Abstract

Abstract Tasting sessions are a social activity in which the senses and the sensorial features of the tasted objects are the main focus of the participants, who do not only experience taste but also aim at precisely describing it. For doing that, they use pre-formatted tasting sheets and pre-existing standardized repertoires of descriptors. This paper investigates the relations between bodies and sensations, linguistic expressions and the normativity of lexical repertoires. While the literature has insisted on the sensorial lexicon of diverse languages and its specialization within expert domains, the very way in which the sensing body, language, and the normativity of standardized categories are precisely articulated in tasting practices remains understudied. Using an ethnomethodological and conversation analytic approach, this paper demonstrates how participants in training tasting sessions achieve practically, bodily and materially the association between the sample tasted, the sensing body and the use of lexical repertoires. Artefacts and tools like tasting sheets and lexical lists are situatedly mobilized in a way that enhances the senses but also socializes and standardizes them.

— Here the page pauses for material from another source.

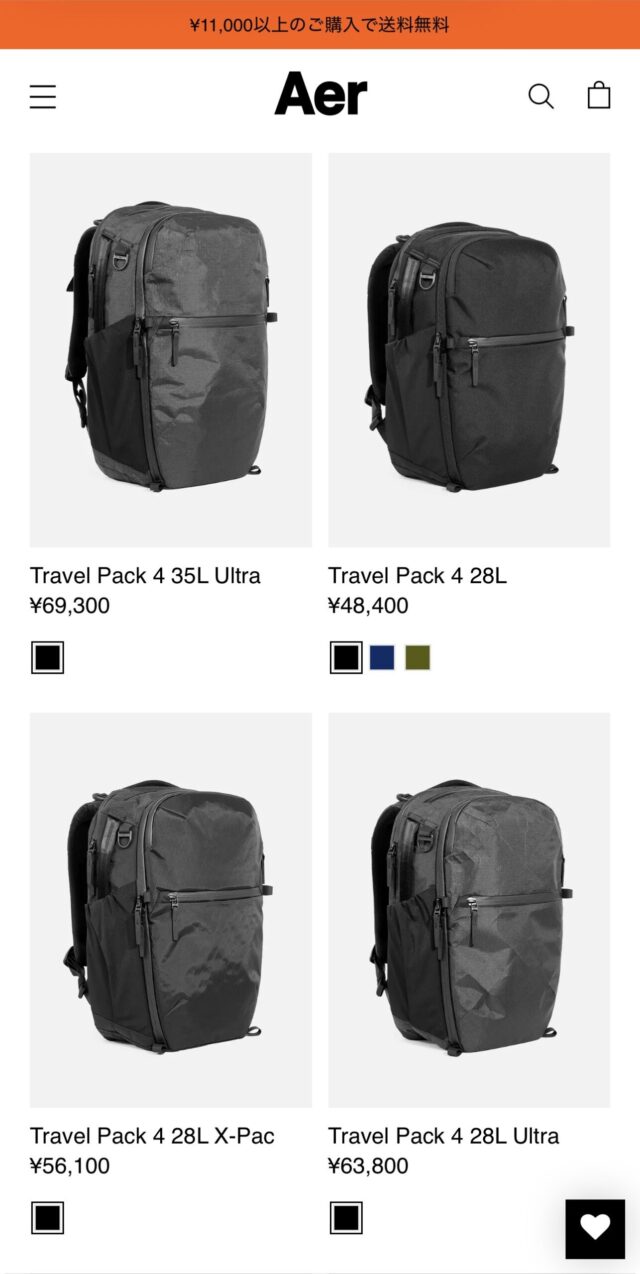 前回、試したAER Travel Pack3が小さいサイズがあります。それはTravel Pack3 smallがあります。

On the basis of cheese tasting sessions video-recorded during training workshops of professional tasters in Italy and Italian-speaking Switzerland, the paper demonstrates how the normative order of sensing is achieved through the imbrication of the use of tasting sheets within the sensory examination of samples – thus showing how body, materiality, language, and artefacts are normatively constrained, practically managed and bodily aligned in the tasting session.